Томно, страшно тянулись дни; несчастная девушка потухала в этой грязи, оскорбляемая, унижаемая всем и всеми. Не будь она так развита, может быть, она сладила бы как-нибудь, нашлась бы и тут; но воспитание раскрыло в ней столько нежного, деликатного, что на нее все окружающее действовало в десять раз сильнее. Были минуты такого изнурения, такого онемения сил, что она, вероятно, упала бы глубоко, если б не была защищена от падения той грязной, будничной наружностью, под которой порок выказывался ей. Были минуты, в которые мысль принять яду приходила ей в голову, она хотела себя казнить, чтоб выйти из безвыходного положения; она тем ближе была к отчаянию, что не могла себя ни в чем упрекнуть; были минуты, в которые злоба, ненависть наполняли и ее сердце; в одну из таких минут она схватила перо и, сама не давая себе отчета, что делает и для чего, написала, в каком-то торжественном гневе, письмо к Бельтову. Вот оно:
«Я не хочу удерживаться более. Пишу к вам, пишу для того только, чтоб иметь последнюю, может быть, радость в моей жизни — высказать вам все презренье мое; я охотно заплачу последние копейки, назначенные на хлеб, за отправку письма; я буду жить мыслию, что вы прочтете его. Ваши поступки со мной, в доме вашей тетушки, показали мне в вас безнравственного шалуна, бездушного развратника; я еще, разумеется, по неопытности, извиняла вас дурным воспитанием, кругом, в котором вы тратите свою жизнь; я извиняла вас тем, что мое странное положение вызывало вас на это. Но клевета, которой вы повершили их, гнусная, подлая клевета, показала мне всю меру вашей низости, даже не злодейства, а именно низости: вы решились из мести, из мелкого самолюбия погубить беззащитную девушку, налгать на нее. И за что? Разве вы в самом деле любили меня?

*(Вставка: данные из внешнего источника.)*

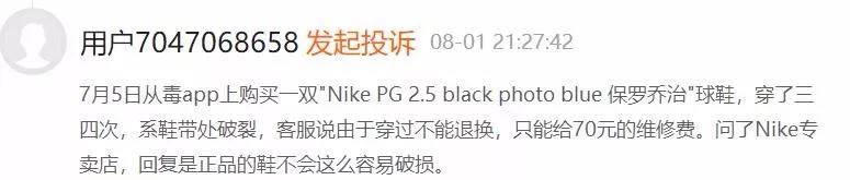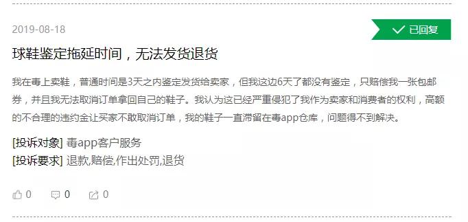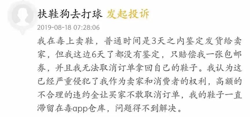 其中投诉问题中逾期未发货更是成为热点,其中一则投诉在毒APP上买的球鞋,鉴定五天无任何结果,要求赔偿保证金,和差价。由于平台鉴定时间太久,影响了正常销售,其中损失的差价和保证金平台更是不予保障。
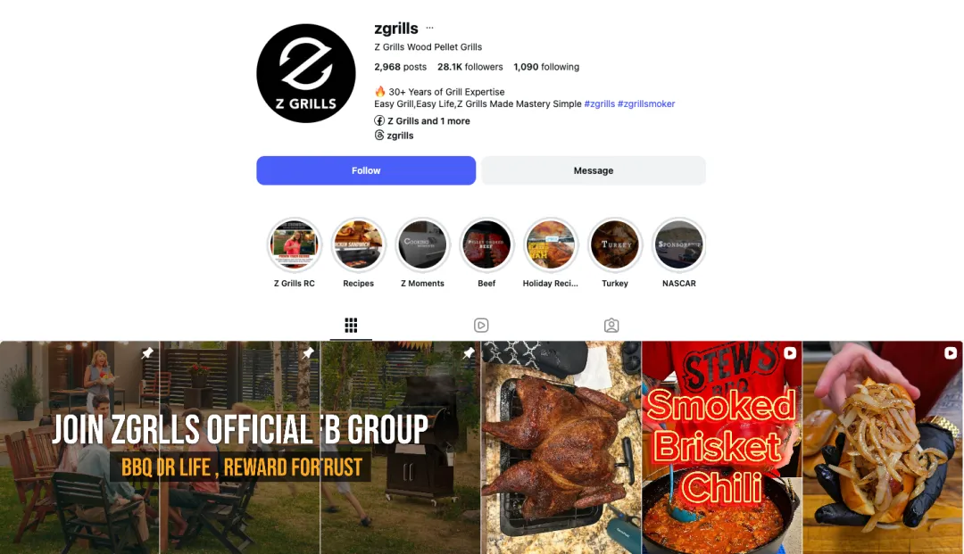 因此,在Instagram和Facebook等主流社媒平台上,Z Grills的内容策略可以用“Show, don't tell”来总结。

Спросите свою совесть… Радуйтесь же, вам удалось: ваш приятель очернил меня здесь, меня выгнали, на меня смотрели с презрением, мои уши должны были слышать страшные оскорбления; наконец, я без куска хлеба, а потому выслушайте от меня, что я сама гнушаюсь вами, потому что вы мелкий, презренный человек, выслушайте это от горничной вашей тетки… Как мне приятно думать о бессильной злобе, о бешенстве, с которыми вы будете читать эти строки; а ведь вы слывете за порядочного человека и, вероятно, послали бы пулю в лоб, если б кто-нибудь из равных вам сказал это».
Бельтов, проигравшийся в пух, раздосадованный, валялся перед чаем на диване, когда посланный в город привез ему, между прочим, и письмо от Софи. Он не знал ее руки; следовательно, не догадался по адресу, от кого письмо, и прехладнокровно развернул его. При первой строчке рука его задрожала, но он дочитал письмо спокойно, встал, бережно сложил его, потом сел на стул и обернулся головою к окну. Два часа просидел он в этом положении; чай давно уже стоял на столе, и он не хлебнул еще из своего стакана; трубка его давным-давно докурилась, и он не кликал казачка. Когда он совершенно пришел в себя, ему показалось, что он вынес тяжкую, долгую болезнь; он чувствовал слабость в ногах, усталь, шум в ушах; провел раза два рукою по голове, как будто щупая, тут ли она; ему было холодно, он был бледен как полотно; пошел в спальню, выслал человека и бросился на диван, совсем одетый… Через час он позвонил; а на другой день, чем свет, по плотине возле мельницы простучала дорожная коляска, и четверка сильных лошадей дружно подымала ее в гору; мельники, вышедшие посмотреть, спрашивали: «Куда это наш барин?» — «Да, говорят, в Питер», — отвечал один из них. А через полгода по тому же мосту простучала та же коляска назад: барин возвратился с барыней. Сельский священник, ходивший поздравить Бельтова с приездом, возвратясь домой, с величайшим удивлением говорил жене:
— Попадья, а попадья! Знаешь, кто барыня? Вот что была учительница-то, бывшая у Веры Васильевны от засекинской барыни. Чудны дела твои, господи!